If you’re a big trophy/achievement hunter, then sure, play Face of the Franchise for your trophies and get out. If you’re not, you’re likely skipping this mode again.
Is Madden 22 Worth Buying?
As a general rule, I usually buy sports games every other year, because not much changes other than rosters. For someone who generally plays Franchise mode, that’s not enough for me to pony up 60 bucks.
If it weren’t for the menus and the fact that Tom Brady is now on the Bucs, I’d think I was playing the same game as Madden 20, let alone Madden 21. The gameplay, the animations, the models, and basically everything but the menus and rosters are the same as they were two years ago.
I’m sure, though, if you go back to the “Golden Age” of Maddens (think ’04 – ’10) and compare games on the same system two years apart, there’s likely not much of a difference aesthetically, but there always seemed to be something new gameplay-wise with each installment.
We haven’t seen innovation from EA in a long time.

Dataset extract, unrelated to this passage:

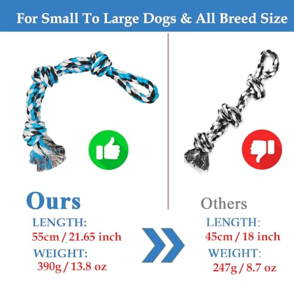 Für kräftige Welpen, die gern zerren und kauen, ist das Seil ideal. Achte aber darauf, dass keine losen Fäden entstehen und lass deinen kleinen Rabauken nicht unbeaufsichtigt spielen.
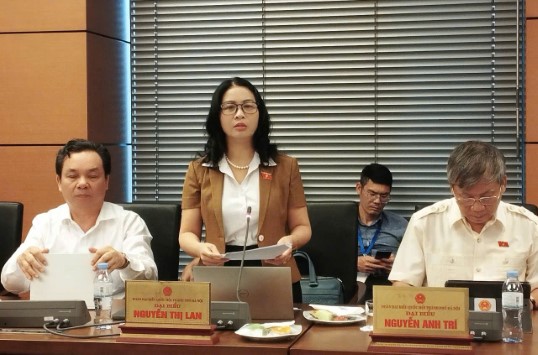 Đại biểu Nguyễn Thị Lan (Đoàn Hà Nội) thảo luận ở tổ. Ảnh: Đỗ Chí

We haven’t seen anything like the Playmaker feature from Madden 04 that was consistently updated over the next several years, a recurring thread that was updated overtime to innovate and improve the game as a true football simulation but still helped the gameplay feel familiar. That’s gone by the wayside in favor of what seems to be doing as little as possible to make their cash, then spend the rest of the year pumping out predatory Madden Ultimate Team content for even more dough.
There’s nothing in Madden NFL 22 that makes me feel like I’m playing a better game than I played in previous years – it’s just the same soulless, mediocre football experience with a thin coat of new paint on top. The passion is gone from Madden, and it died one $4.99 MUT pack at a time.